Here's a TOI story on declining violence in Pakistan:
According to the data collated by Pakistan Body Count, an organisation that maintains a 'news-report based database' of suicide and drone attacks carried out in the country, the number of incidents as well as causalities, have witnessed a steep decline compared to 2009 and 2010 - the peak years in terms of causalities. The incidents which failed to reach even double digits in the five years spanning between 2002- 2006 suddenly spiked to 57 in 2007. The bombings claimed over 800 lives in that year. They went unchecked for the next two years and reached a peak in 2009 when 90 suicide bombings claimed over thousand lives.
Although the number of incidents started declining in 2010 but the number of fatalities increased. In 2011 there were 44 blasts killing 625 people- nearly half of the 2009 figures. By March 2012, when the data was last updated, there were only 16 such blasts which took 119 lives.

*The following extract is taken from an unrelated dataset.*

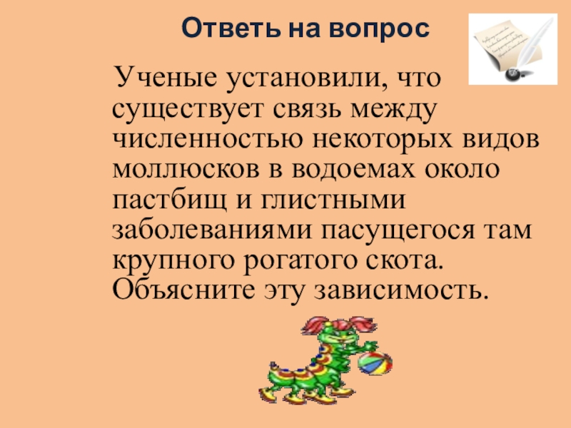 некоторых видов моллюсков в водоемах около пастбищ и глистными заболеваниями пасущегося там крупного рогатого скота. Объясните эту зависимость.

Year Total Blasts Killed Injured
2002 2 27 91
2003 2 65 115
2004 8 82 399
2005 4 83 230
2006 9 161 230
2007 57 842 2008
2008 61 940 2426
2009 90 1090 3462
2010 58 1153 2954
2011 44 625 1386
2012 16 119 254
Source: Pakistan Body Count
Here's a CNN report on Pakistani city of Sialkot which manufactures musical instruments, surgical equipment and sports goods:
Which cities can boast more than a dozen bagpipe factories? Edinburgh? Glasgow? How about, Sialkot, Pakistan?
Sialkot is located in north-east Pakistan, some 125 kilometers from the capital Lahore. Legend has it that the city started making bagpipes during the British Raj, when a Scottish businessman came to town and set up a factory.
More than a century later Sialkot is one of the world’s biggest manufacturers of bagpipes, with more than a dozen bagpipe factories, both big and small.
The bagpipe business became so successful that manufacturers started making and exporting other specialty items - including staples of American culture such as vintage basketballs, American footballs and even replica civil war uniforms.
Today the city manufactures hundreds of items. Sports companies such as Nike and Adidas make their soccer balls here. Dozens of kinds of musical instrument, and even surgical equipment, are made in Sialkot.
Naeem Qureshi, of the Sialkot chamber of commerce, told CNN’s Reza Sayeh that the city's exports are increasing, and are now worth $1.4 billion.
While Pakistan often makes headlines these days because of militant attacks and extremism, local manufacturers say security concerns are overblown. Pakistan has plenty of space, as well as cheap raw materials and labor. And local businesses say Sialkot is a perfect example of why it pays to invest in Pakistan and do business there.